View on GitHub

Vincent Lanore

professional page of Vincent Lanore

Abstract ALPHY 2019

Detecting convergent substitutions with sparse codon-based differential-selection models

Vincent Lanore, Bastien Boussau, Philippe Veber, Nicolas Lartillot

Identifying amino acid substitutions linked with convergent phenotypic changes has recently been a topic of interest in the evolutionary genomics community. A promising approach to this problem, called diffsel, was presented in [1]. This approach belongs to the family of phylogenetic codon models based on the so-called “mutation-selection” formalism, in which mutations are modeled at the nucleotide level, but fixation probability depends on the fitness of the encoded amino acid. Each site has its own vector of fitness parameters for the 20 amino-acids. On top of that, diffsel changes the site-specific fitness of amino acids on branches leading to species with the convergent phenotype.
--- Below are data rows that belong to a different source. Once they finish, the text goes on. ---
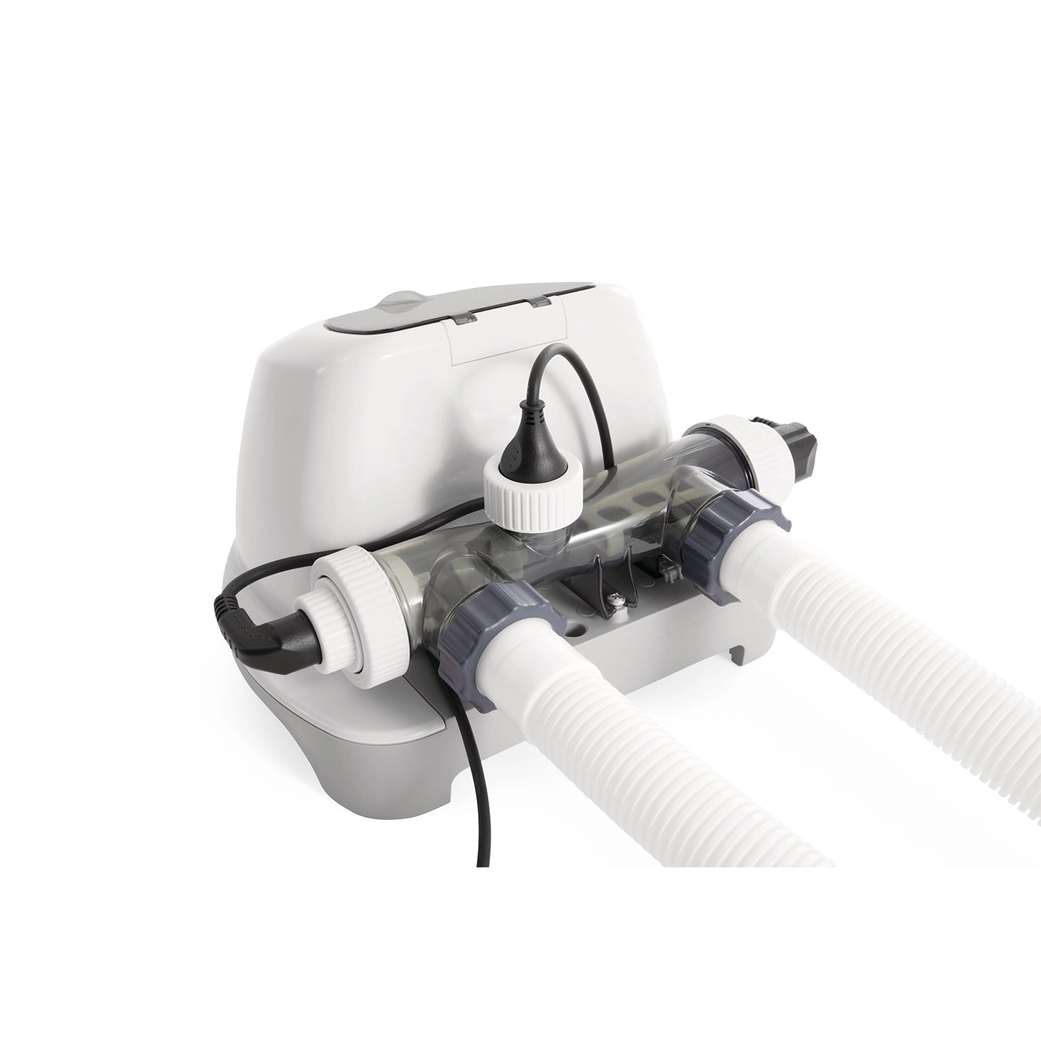 Solinatorul INTEX transformă sarea dizolvată în apă în clor natural, menținând apa curată și igienică pe termen lung. Este ideal pentru familii și persoane cu piele sensibilă sau alergică, deoarece reduce necesitatea produselor chimice tradiționale.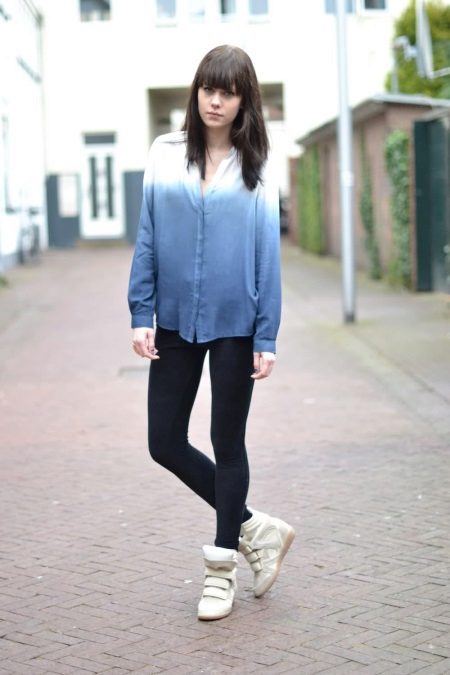 Many girls prefer urban style clothing. And here, white sneakers will become indispensable. They can be safely combined with leggings and a stylish gradient shirt.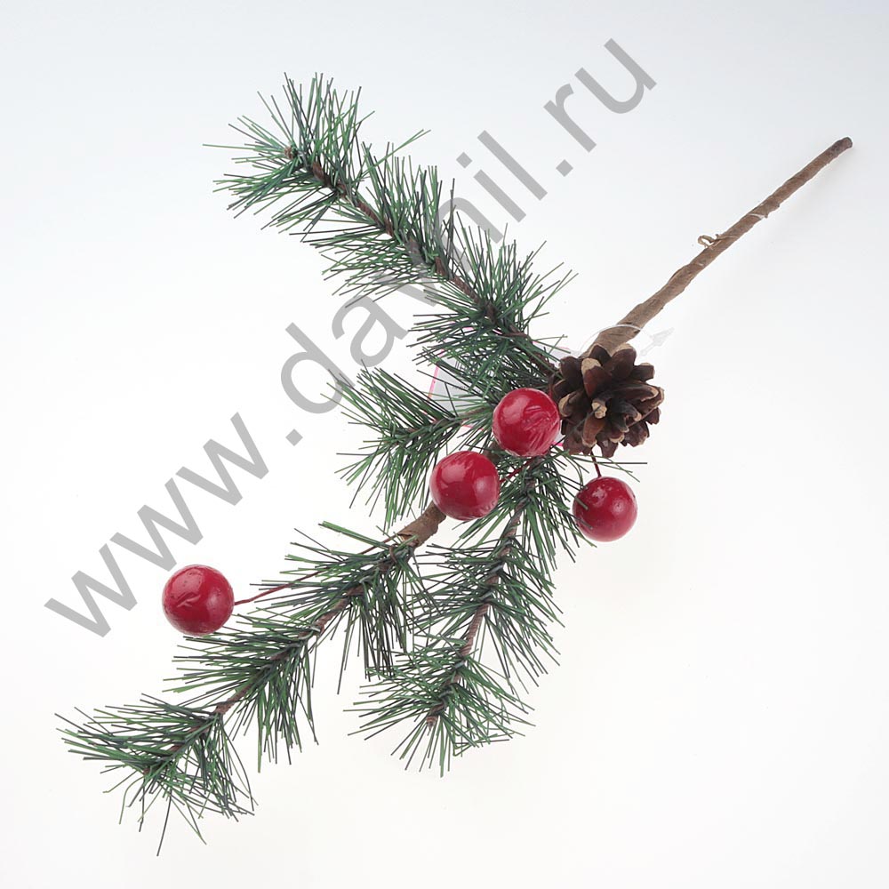 Ветка еловая с красными ягодами и шишкой 30 см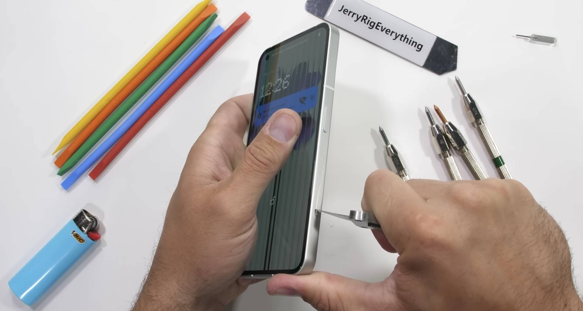 Nothing Phone (1) dopadol vcelku dobre aj v teste zapaľovača, kedy bol jeho plameňu vystavovaný displej viac ako pol minúty. Väčšina pixelov sa obnovila do pôvodného stavu. To, kde ale toto zariadenie zlyhalo je test ohýbania v rukách.
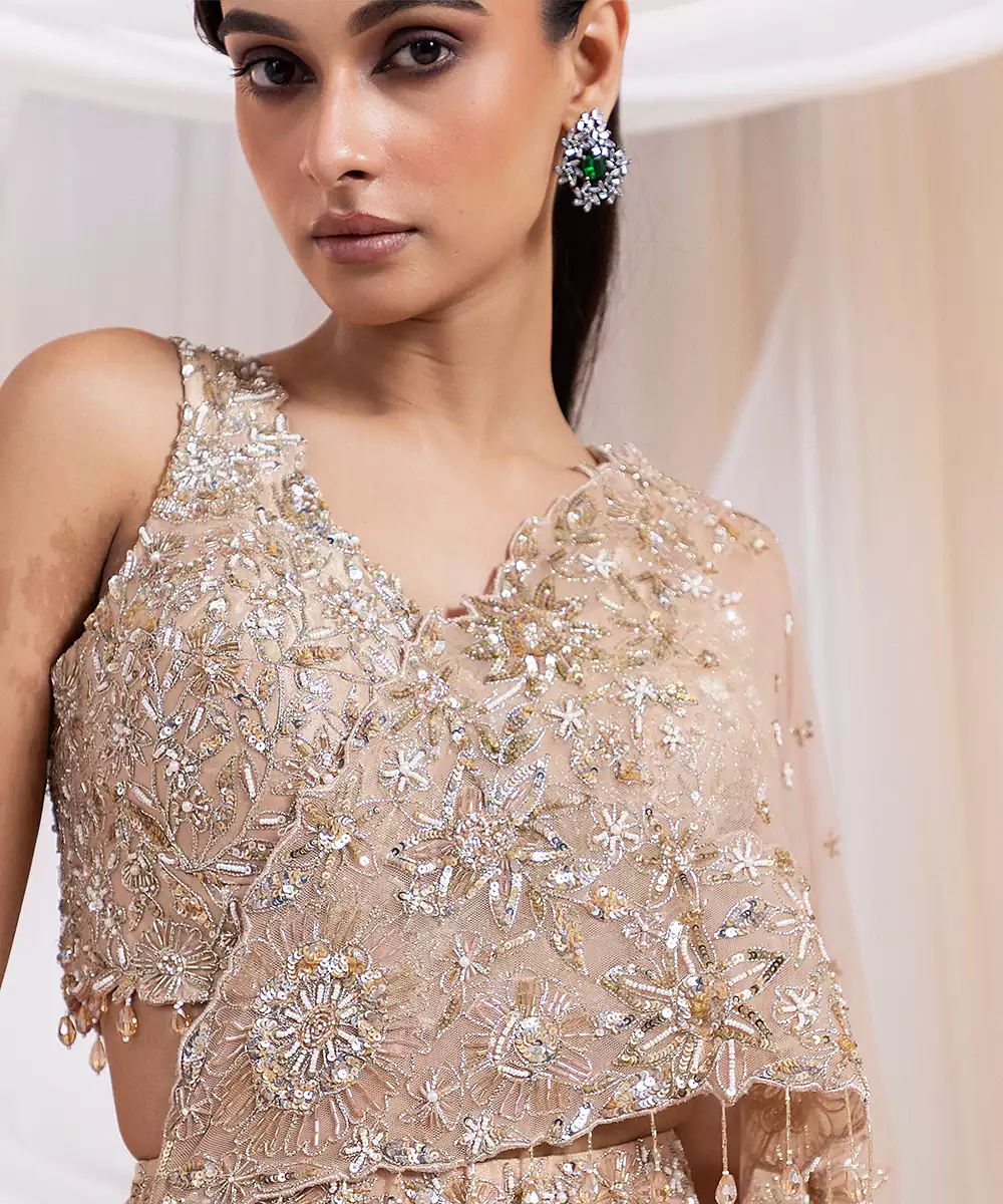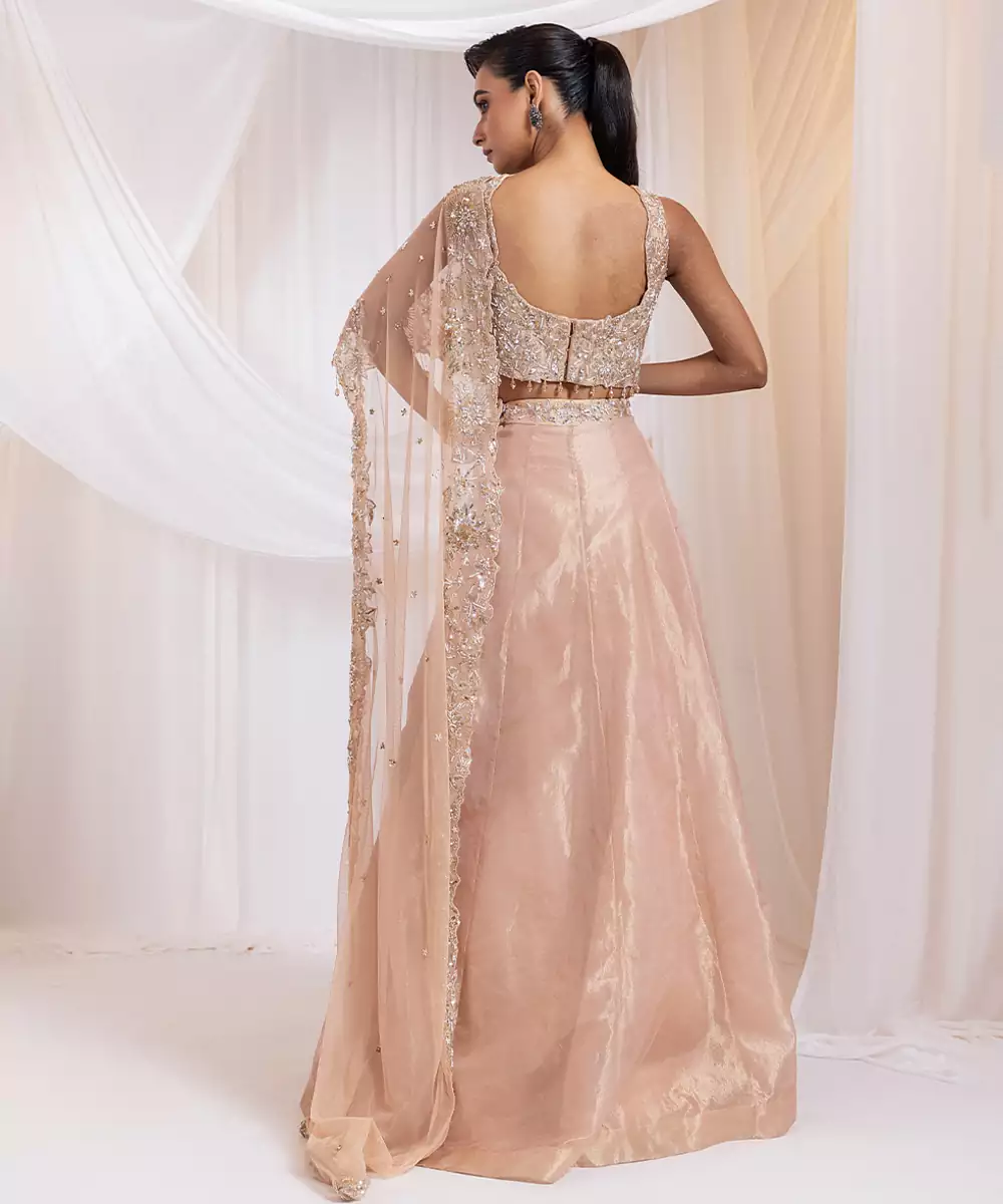 This Pink Embroidered Tissue Lehenga Set Radiates Delicate Charm With Its Lightweight, Shimmery Fabric And Gracefully Flared Silhouette. Intricate Embroidery Adds A Festive, Artisanal Touch, Enhancing Its Traditional Elegance. Perfect For Weddings, Celebrations, And Special Occasions, It Blends Comfort With Sophistication, Creating A Stylish And Timeless Ethnic Ensemble.
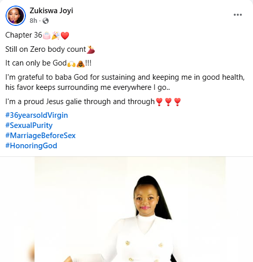 A 36-year-old South African woman, Zukiswa Joyi, who is a virgin, has gotten married. She shared photos from her Lobola ceremony in a Facebook post on Saturday, March 28, 2026. See what the Lord has done. What we waited for has come to pass. #BecomingMrsJili #NewChapter #36Yearoldvirgin #Jesusgalie, she captioned the post. The Durban University of Technology graduate has over the years shared her journey with s3xual purity. "Chapter 36. Still on Zero body count. It can only be God. I'm grateful to baba God for sustaining and keeping me in good health, his favor keeps surrounding me everywhere I go. I'm a proud Jesus galie through and through, she wrote on her 36th birthday. Zukiswa also revealed why she chose to remain a virgin at 36. A few reasons why I'm still on Zero body count at 36 or rather why I'm still a virgin 1. I'm a follower of Jesus Christ unashamedly, unapologetically 2. I don't believe in sex before marriage, besides that my Bible says it is God's will to remain s3xually pure 3. I'm not ready for emotional baggage from ungodly soul ties 4. I would love to only have Kidz with my husband not just a boyfriend 5. I'm breaking generational curses and it's a battle that requires purity all the way, she added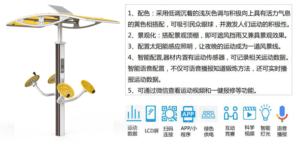 suncitygroup太阳集团全民健身产品涵盖健身路径、运动场馆、篮乒气羽排等产品,分为多个系列,先进的制造工艺、严苛的质量检测,确保产品性能优良、品质安全可靠,让运动简单科学。并将全民健身器材(户外路径器材、体育场馆等产品)进行智能化升级和互联,实现全人群覆盖、全场景智能,让运动赞美生活。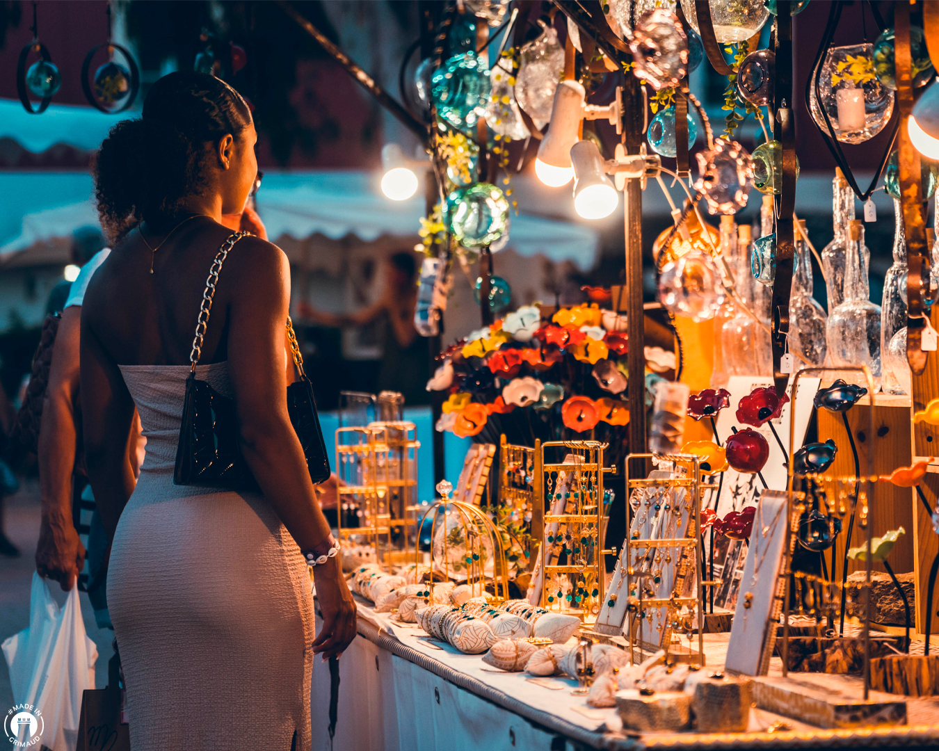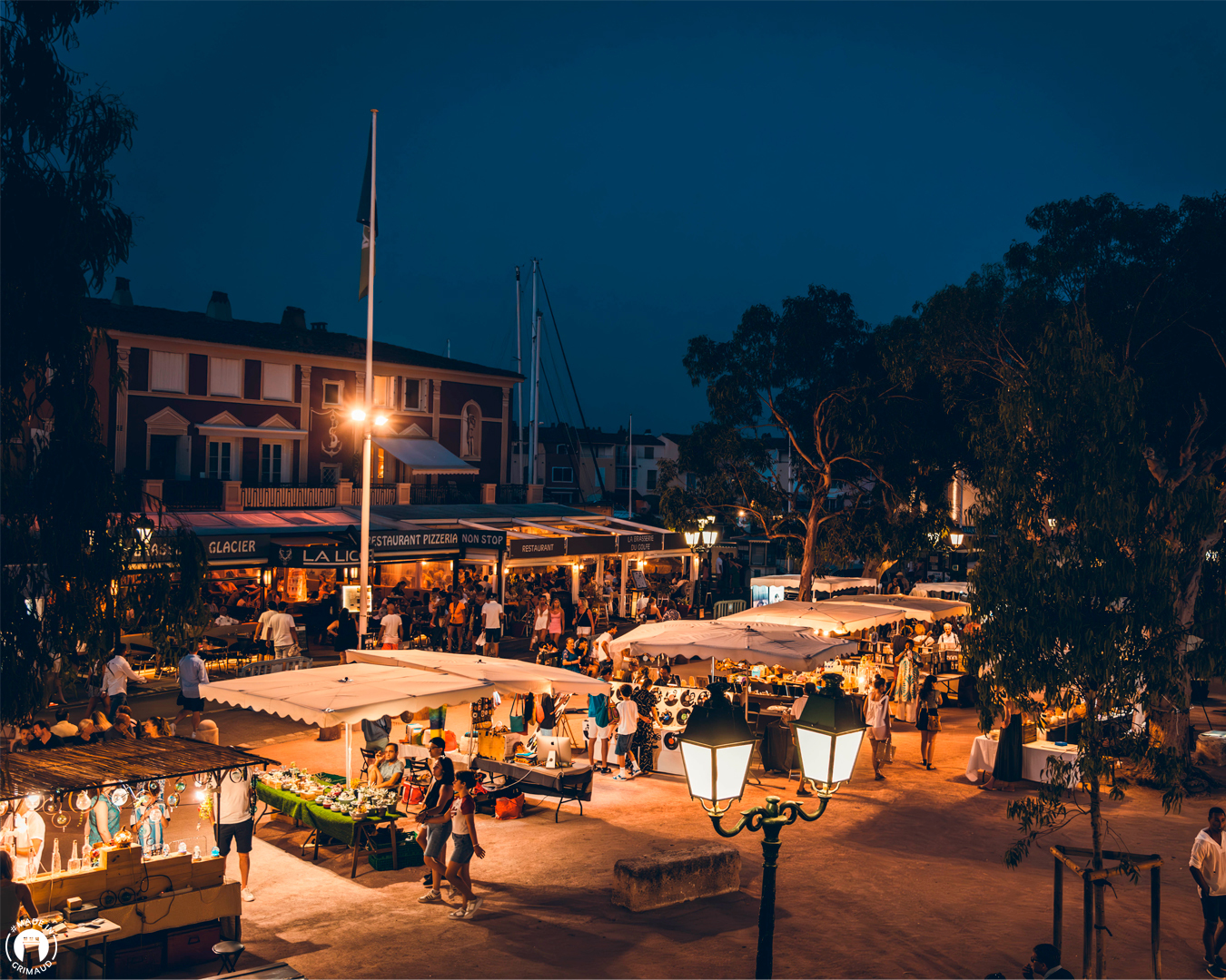Marché artisanal nocturne au cœur de la cité lacustre de Port Grimaud.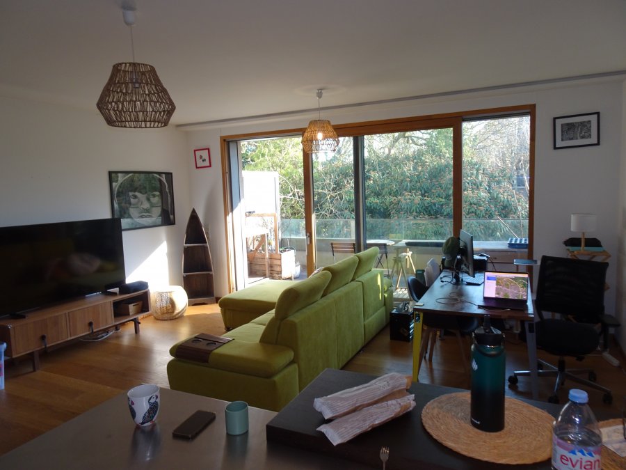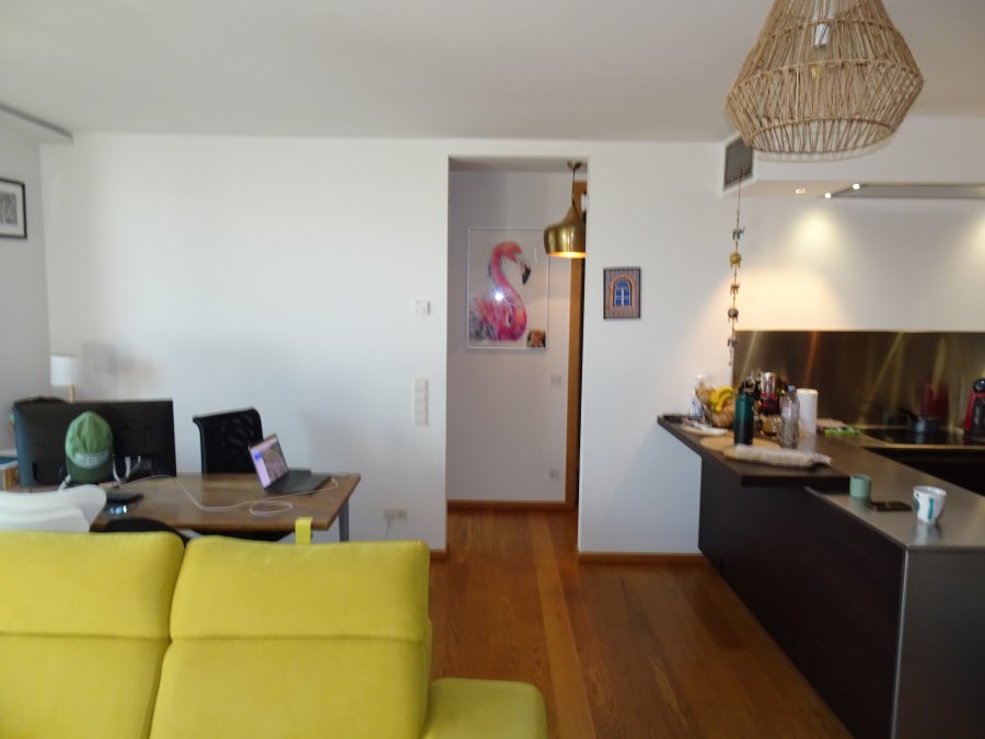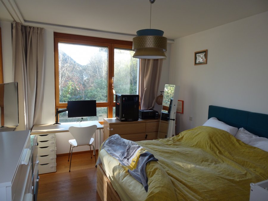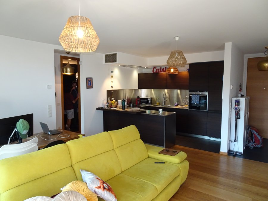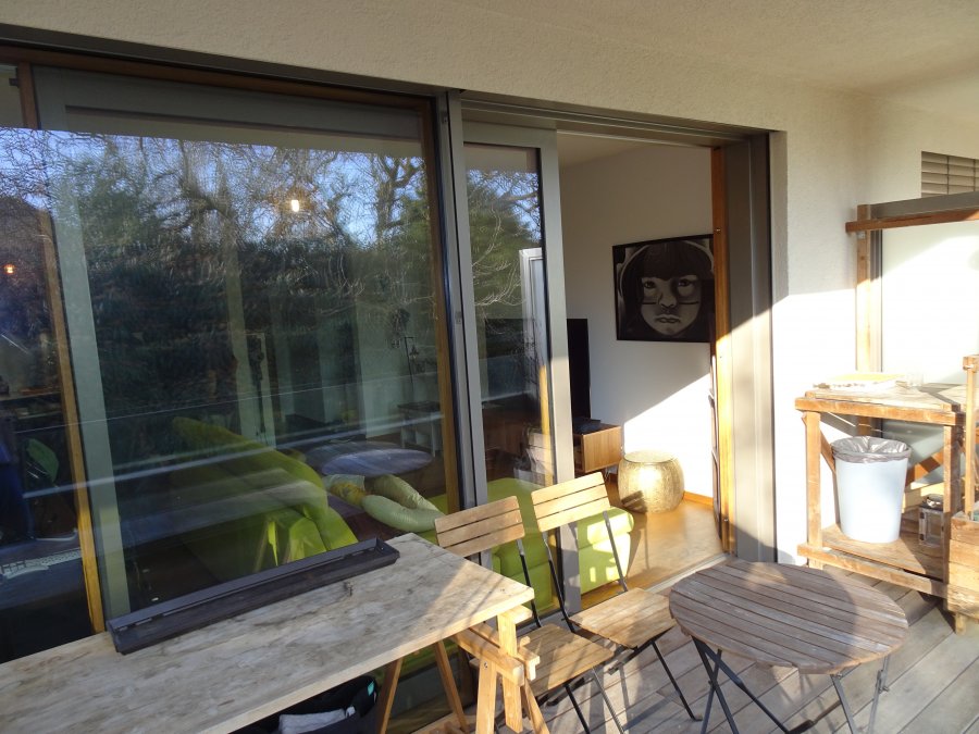L'appartement est situé au calme, au 3? étage d'une résidence moderne. Il dispose d'un spacieux séjour avec salle à manger et cuisine ouverte moderne, offrant un accès direct à un balcon ensoleillé (13 m²). Il comprend également une chambre à coucher avec accès au balcon, une salle de bains avec douche et baignoire ainsi qu'un WC séparé. Le balcon est orienté plein sud et entouré de nombreux arbres.

This is done by adding a “differential selection effect” to the fitness of amino acids along these branches only.

Diffsel implements a Bayesian version of this model, in which amino acid fitnesses and differential effects are evaluated per-site along a tree and alignment. Sites which exhibit significant differential effects are deemed “convergent”. There are two difficulties with the current model. First, determining which differential effects are significant can be difficult. Second, diffsel attempts to precisely evaluate the fitnesses changes of all amino acids at each position, even for those having low fitness, which is not useful and might come at a cost in terms of computation time or statistical power.

Instead, we propose to have only certain of the amino acids at each site with significant fitness—the rest having a low default fitness ε—and among them only some with differential effects. From a Bayesian perspective this makes the model “sparse” in the sense that indicator boolean variables control for each amino acid and each site the complexity of the fitness model—either ε, estimated fitness, or estimated fitness plus differential effect. This approach provides a clear diagnostic of whether a site is convergent in the form of the posterior probability of the differential effect indicators, and simplifies the evaluation of low fitnesses. We compare this “sparse diffsel” approach to regular diffsel and other convergence detection methods on simulations and real datasets.

[1] Parto S, Lartillot N. Molecular adaptation in Rubisco: Discriminating between convergent evolution and positive selection using mechanistic and classical codon models. PLoS One. 2018 Apr 18;13(4):e0196267.